これらの新領域が、今後のオペレーター(通信事業者)にとっての1つのビジネスのフィールドなのかなと思っています。なぜかといいますと、通信回線を提供しているだけでは、ダムパイプ(土管)化してしまうという懸念があるからです。ダムパイプになると、料金以外で差別化するのが難しくなります。また、今後はモバイル領域だけでは競争が厳しくなってくるだろうと考えているからです。
そういう意味で、2015年の中期ビジョンとして掲げているのが「スマートライフのパートナーへ」です。要するに、ドコモがお客様に密着して、スマートな生活のパートナーになりたい、と考えています。
先ほどご説明した新領域の中に「メディカル・ヘルスケア」というものがありますが、これが特に重点分野になっています。なぜならスマートライフに健康は欠かせませんから、ここを押さえることは非常に大切。健康を核にしてスマートライフを実現しようということで、「食事」「運動」「睡眠」「保険医療」の4つのカテゴリーでサービスを展開して、それぞれのサービスを相互に連携させようとしているんです。
―― なるほど。いずれもヘルスケア関連サービスの一部だったということですね。
安部氏 その通りです。「食事」ですと、健康食材や有機食材を扱う「らでぃっしゅぼーや」や、食育やレシピを扱う「ABCクッキングスタジオ」を展開しています。「運動」ですと、オークロンマーケティングさんの「ショップ ジャパン」には、大ブレイクした「ビリーズブートキャンプ」ですとか、最近ですとTRFさんのダンスエクササイズDVD「EZ DO DANCERCIZE」がありますね。「睡眠」では同じくショップジャパンの低反発マットレス「トゥルースリーパー」がありますし、「保険医療」では医療保険である「ドコモの保険」、生活習慣病の自己管理支援を行う東大病院との連携講座や、医師や薬剤師同士をつなげる「アルトマーク」なんかもあります。
そして、これらをつなぐものがヘルスケアデータです。
―― つまり、ムーヴバンドで測定した活動量のデータや、生態情報が取得できる機能素材の「hitoe」で取得したデータというわけですか。

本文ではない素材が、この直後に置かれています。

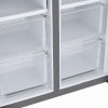 Với tổng dung tích 550 lít và dung tích sử dụng thực tế 502 lít, trong đó dung tích ngăn lạnh là 326 lít và dung tích ngăn đá là 176 lít, tủ lạnh này sẽ phù hợp cho gia đình từ 4 – 5 người. Các khay kệ làm từ kính cường lực bền chắc, dễ dàng di chuyển để chứa thực phẩm cồng kềnh như nồi hoặc khay lớn.

安部氏 そうです。我々は通信事業者でもありますから、スマートフォンを持っています。ムーヴバンドやhitoeみたいなもので測定した体のデータは、スマートフォンを経由すれば、比較的簡単に集めやすい。いわゆるPHR(Personal Health Record)データを集めて一元管理し、そのデータを活用して、健康を軸とした新しいライフスタイルを提案していきましょうということです。ムーヴバンドやhitoeのほかに、提携しているオムロンの体重計や体温計、睡眠計などからもデータを集めることが可能です。
―― サーバに蓄積されたデータから分析して、今後に生かそうというわけですね。最近Runtasticと組んでランニング記録サービスの「Runtastic for docomo」を始められましたが、あれはどういうポジションになるのでしょうか。今まではわりと物販中心だった印象がありますが、Runtasticは実際に走るサービスです。

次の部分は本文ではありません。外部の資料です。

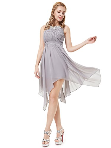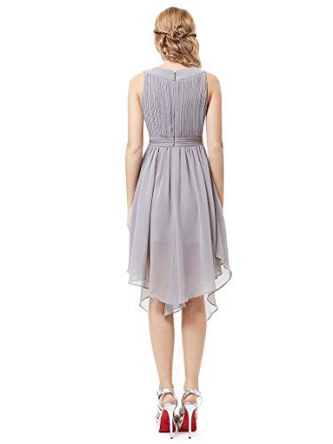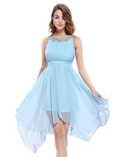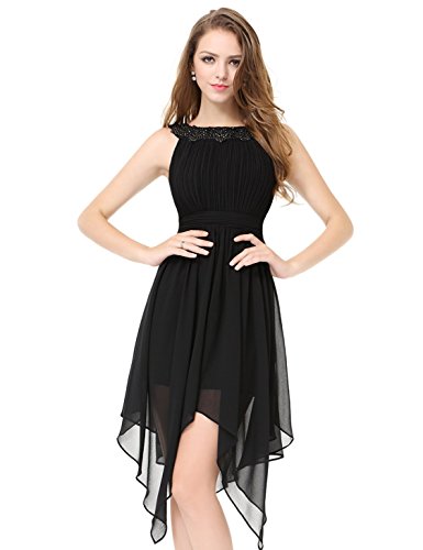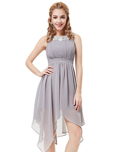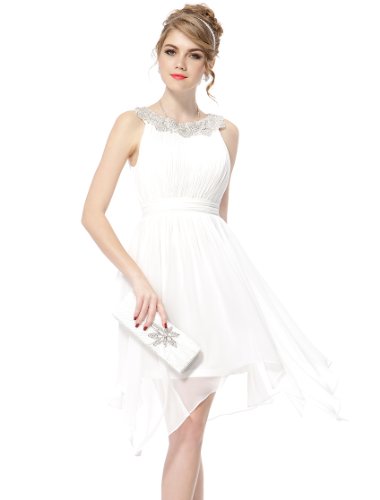 Round neck short party dress. Not padded. Stunning rhinestoned lace decorates the neckline area. Unique ruched bust and waist design. Stylish asymmetric bottom. Concealed zipper up the back. Lining, no stretch

安部氏 運動1つをとっても、リアルな場所でやること、ネットのサービス、物販、この3つがちゃんとセットになることで、よりサービスを連係させて展開できるのではないかと考えています。
これまではどうだったかというと、「運動」分野の中心はDVD。おっしゃるとおりコンテンツ物販なわけです。それから、我々は「iBodymo」というネット系のサービスをやっていますが、これは運動というよりはどちらかというと、歩くだとか、食事面をカバーするものです。「からだの時計WM」というサービスもありますが、こちらは生活習慣に関わる部分で、体内時計を使った健康サービスです。ですので、体を動かす部分でも、リアルな運動系がちょっと弱いなと思っていました。これでは運動といっても具体性がないなと。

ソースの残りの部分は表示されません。